• **Problem to solve**
Of all the lines in the entries, how many carry the word "Figure"? The reply is that number and no more.

Collected data entries
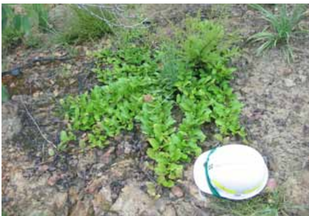
Figure 23. Grevillea repens , Kinglake National Park, 11/1/2011

Resprout and seed. Some larger plants (Figure 23) appear to have resprouted from below ground at the base of the stem, while some smaller plants appeared to be seedlings. No plants were observed flowering within two years of the fire, but they were in bud by September 2011.
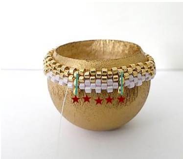
7) Pick up 1 SB11 Gold (bellow the SB11 Gold), 3 DB White. DERLT
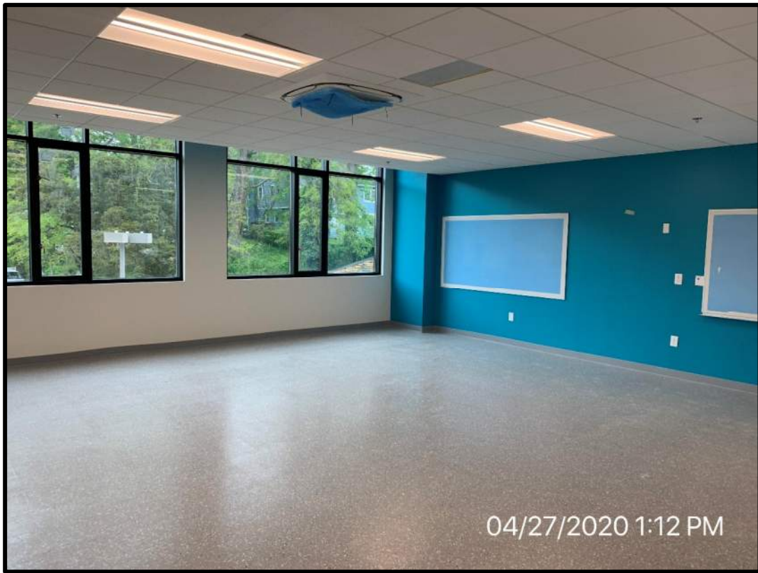
Current status of mock-up classroom
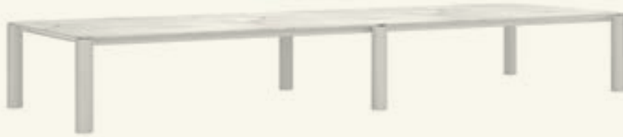
Table with 6-legged with oak, lacquered, optical glass, technical stone 8, Compacto HPL, laminated, ultramatte, linoleum, marble M1 or M3 top. 5.500 x 1.500 mm./ 216.5 x 59 in.

• **Expected answer**
2